Separation anxiety is one of the most common behavioral problems in dogs, and one of the main reasons why dogs are surrendered to animal shelters. Separation anxiety is the fear or dislike of being isolated. Some of the signs that your dog may have separation anxiety include: destructive behavior, excessive barking or whining, overly dependent or attached to their owner, inappropriate urination or defecation, depression or hyperactivity. Many of these signs could signal other behavioral or health related concerns; therefore, an owner must determine if the behavior is associated with the owner leaving the dog alone.
·Test to determine if the behavior(s) is separation anxiety. Step outside your front door as if you were going to leave. Remain on the other side of the door out of sight. A dog with separation anxiety will show signs of stress within 20-30 minutes of the owner walking out the door. If when you go back into your home and your dog exhibited any of the above signs, your dog has separation anxiety.

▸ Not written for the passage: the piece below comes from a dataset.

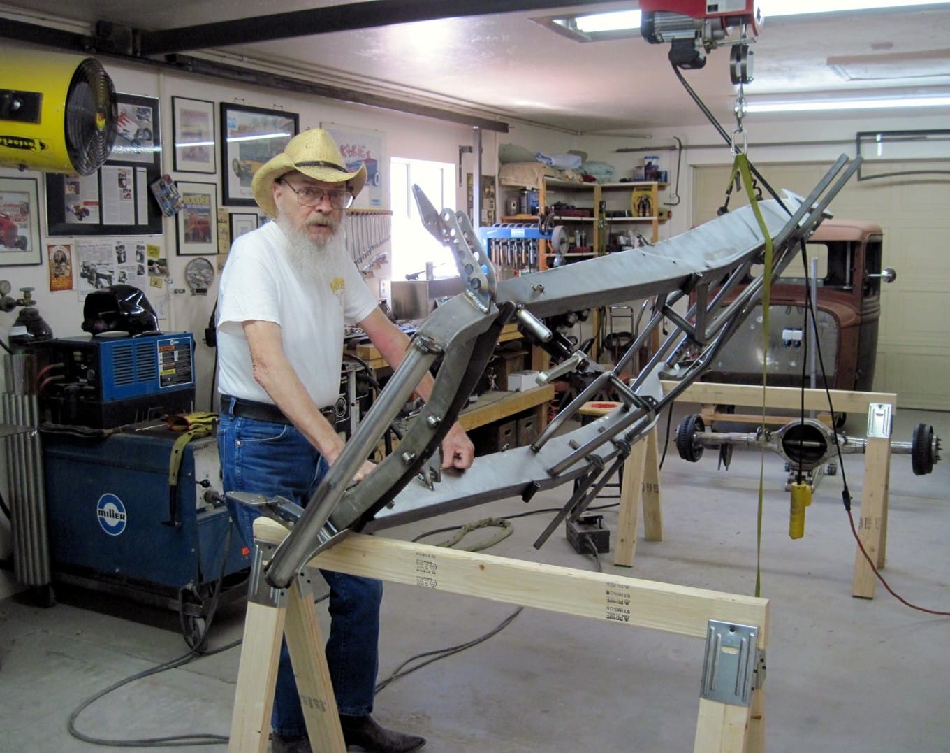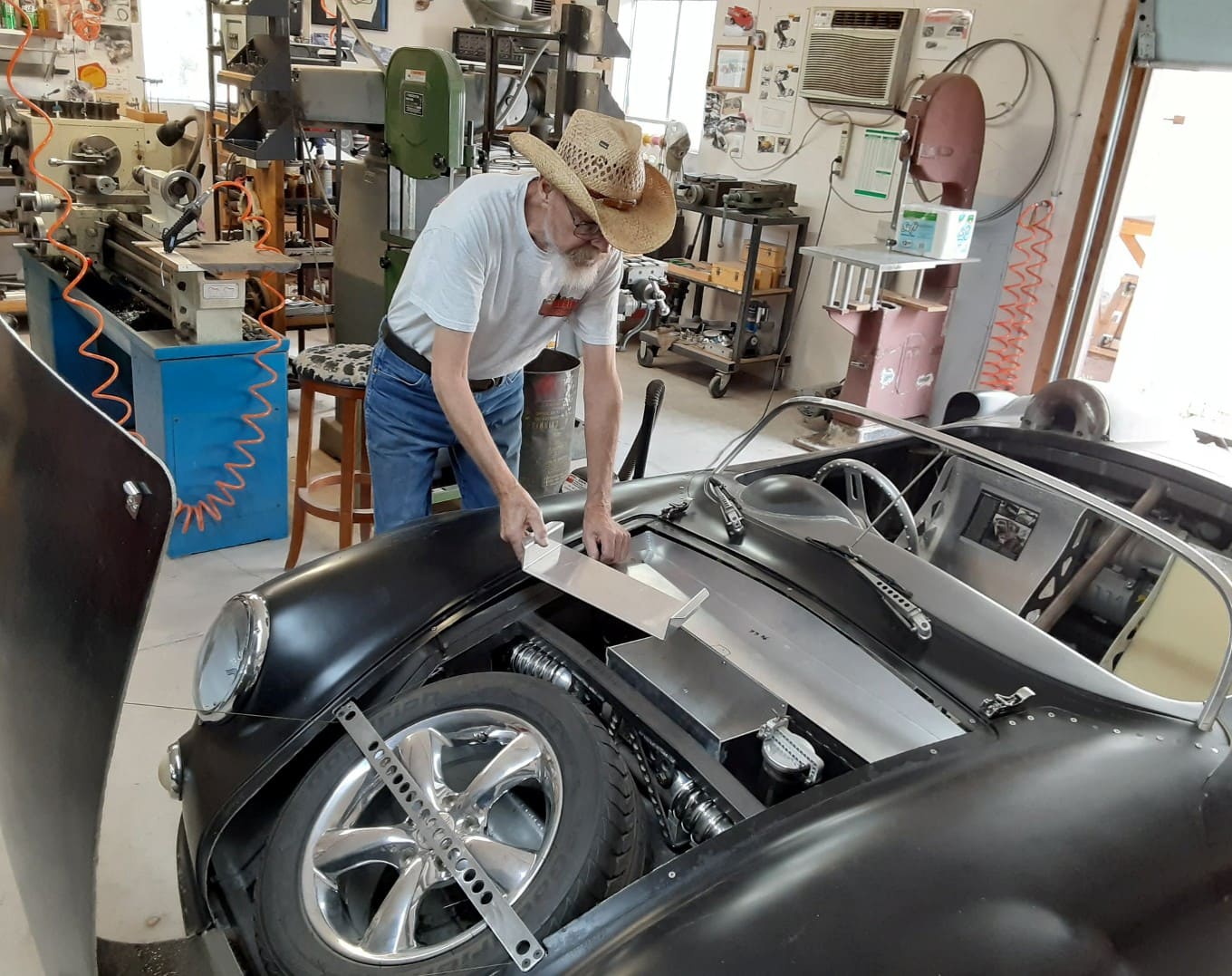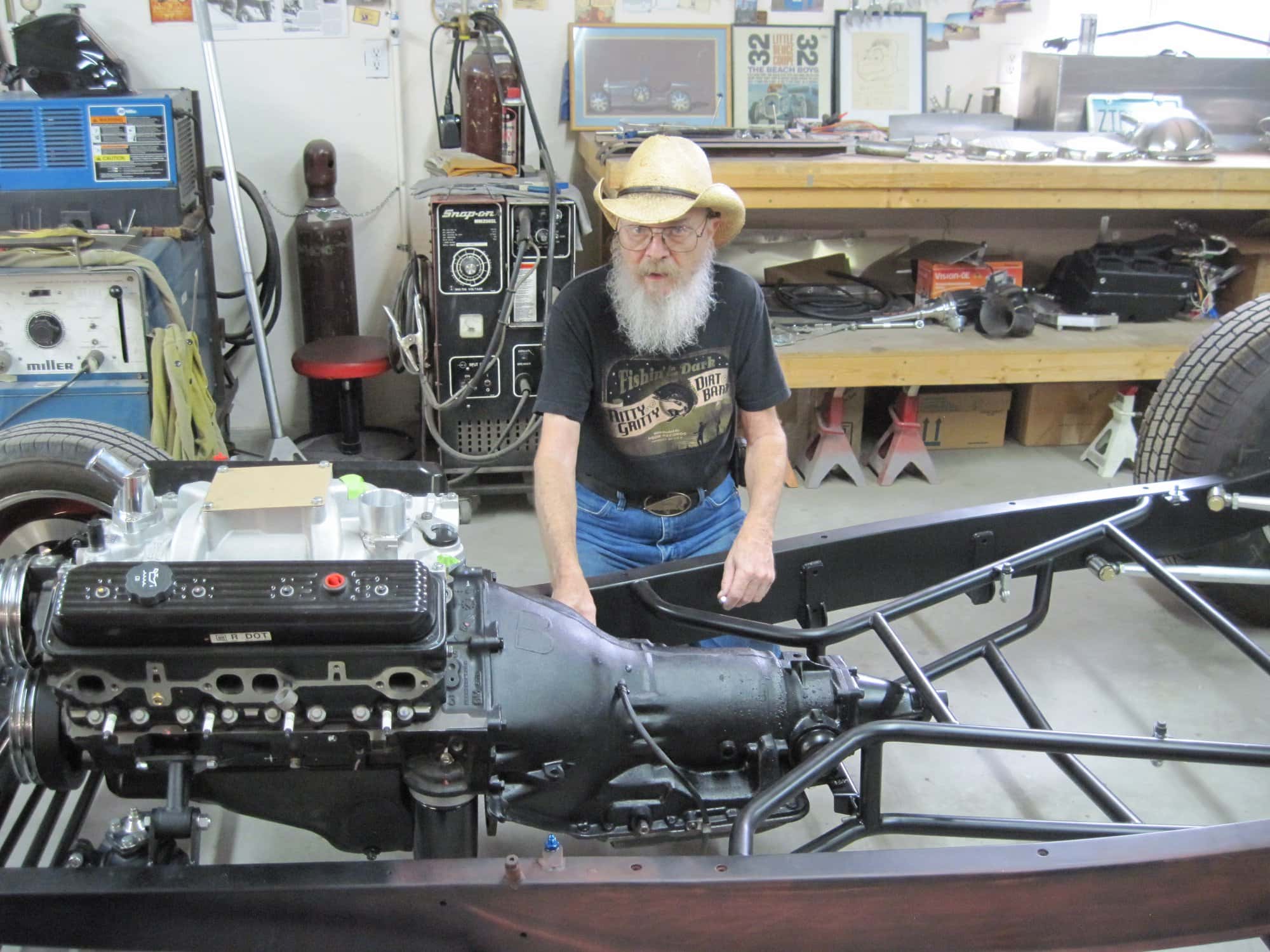 Une fois que Darrell Zipp a été satisfait de la conception, l’équipe a fait exploser les dessins à l’échelle et a commencé à fabriquer le châssis. Avoir d’avance les jantes et les pneus ainsi que le moteur la boite et les trains roulant était un plus nécessitant peu de conjectures pour le produit final. L’étape suivante consistait à marteler la tôle. Avec le numérique, il est plus facile d’obtenir les sections dessinées. Pour ce projet, Dan a commencé à travailler le métal pour former le capot, puis les portes, et finalement le plancher et le tunnel de transmission. Une fois la carrosserie principale créée, elle a été fixée au châssis et confiée à Craig pour le capot, les sièges et le formage de la section arrière que Dan a soudée et finie en raison de contraintes de temps avec le SEMA Show

·Addressing the symptoms. Crate training, obedience classes, and punishment only address the symptoms, and may serve to make the situation worse. In order to correct the behavior, the owner must change the behavior (fear of being alone) in order to eliminate the symptoms.
·Planned departures; start small. While your dog is watching step outside the front door out of sight for a minute and then come back into the room. Conduct this drill several times a day at varying times. This is the standard pattern. As your dog gets used to you being gone for a certain length of time, begin to increase the time that you are on the other side of the door. If your dog begins to show signs of anxiety again, back off on the time until he becomes comfortable with it, then begin to increase the length of time again. Remember to go slowly. This is a marathon not a sprint.
·Physically leave the premises for short lengths of time. Once your dog is accustomed to you being out of visual contact for short periods of time, begin to leave the property for short periods. Take those items you would take with you when you leave for extended periods. As you exit do not make a big deal of leaving. Get in your car and drive away, even if it is just down the street. Upon your return do not create a scene with your dog as you walk in the door. Do not reward his attention-getting behavior, instead ignore your dog until he calms down; then greet him. If the dog showed signs of anxiety while you were gone or upon your arrival home, back off on the time you were off the premises, and begin to build up the time again.
·Safety cues. Your dog may need to be distracted or reassured with particular stimulus associated with your leaving. Try leaving the radio or television on while you are out, give him a special toy that is reserved for the time you are gone, give him a toy that has a treat in it to keep him preoccupied, or put a piece of your clothing that smells like you in his bed.
·Additional options. Exercise your dog prior to leaving to the point of tiring him out, change your morning routine to keep your dog guessing, and/or teach your dog the sit/stay command so that he gets used to you not being with him all the time in the house.
·Temporary fixes. You may put your dog in doggie day care, leave your dog with a friend or relative, take your dog to work with you, or as a last option anti-anxiety medication. Remember these are only temporary and do not change the behavior; they merely create a quick fix.
·1.5 hours! . Once you are able to leave your dog alone for 1.5 hours without any signs of anxiety, in most instances you will be able to leave your dog alone all day.